→ EXERCISE MATERIAL:

^^^^

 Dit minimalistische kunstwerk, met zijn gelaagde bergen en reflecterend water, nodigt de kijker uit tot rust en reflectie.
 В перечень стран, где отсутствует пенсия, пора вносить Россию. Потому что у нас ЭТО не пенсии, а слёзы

^^^^

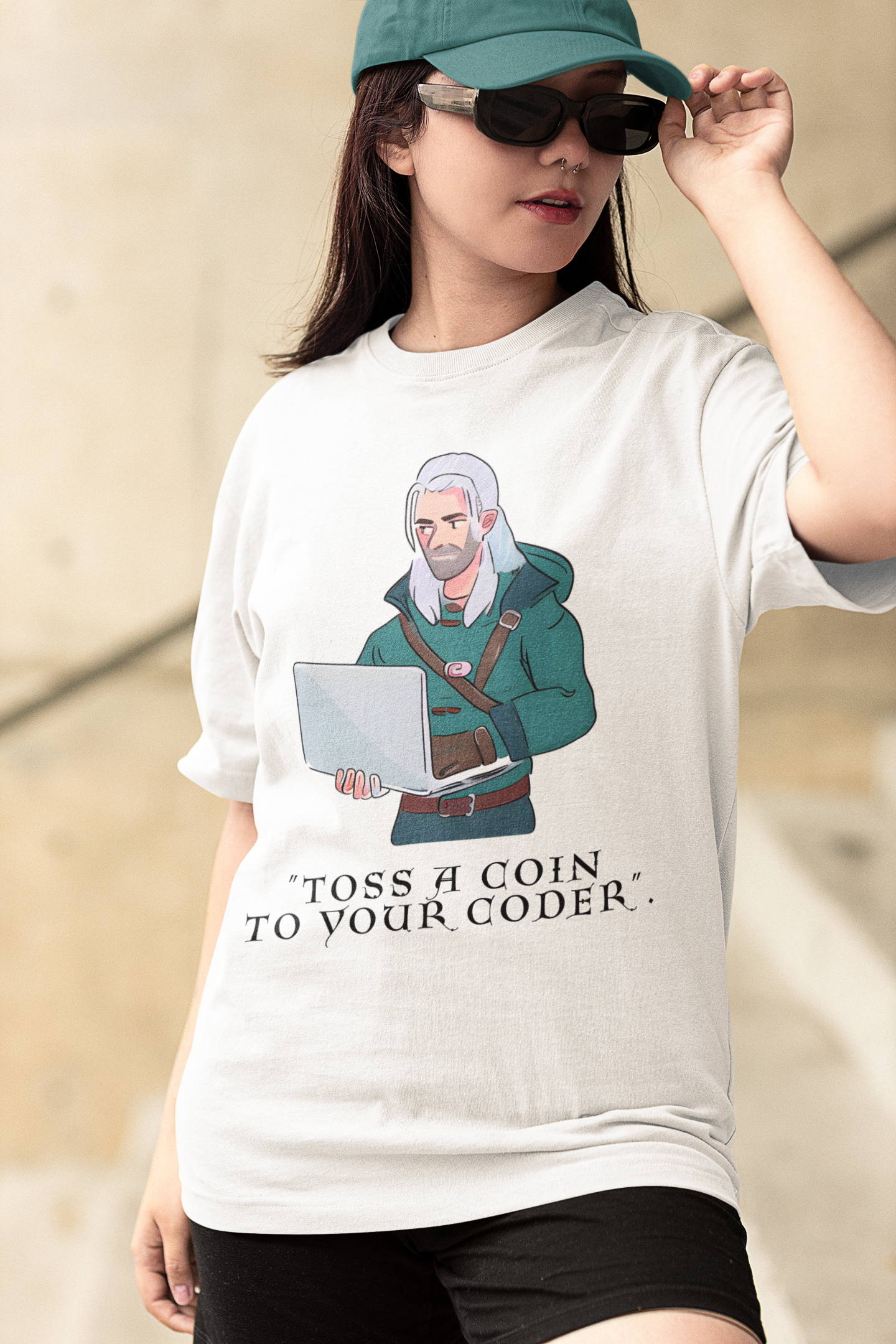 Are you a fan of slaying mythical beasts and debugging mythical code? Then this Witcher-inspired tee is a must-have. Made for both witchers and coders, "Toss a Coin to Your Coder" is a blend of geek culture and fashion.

^^^^

→ TASK GOAL: Starting at the line that has "Dit minimalistische kunstwerk, met" and ending at the line that has "В перечень стран, где", please write out the lines above exactly, leaving out all others.

→ RESULT FOR THIS TASK:
 Dit minimalistische kunstwerk, met zijn gelaagde bergen en reflecterend water, nodigt de kijker uit tot rust en reflectie.
 В перечень стран, где отсутствует пенсия, пора вносить Россию. Потому что у нас ЭТО не пенсии, а слёзы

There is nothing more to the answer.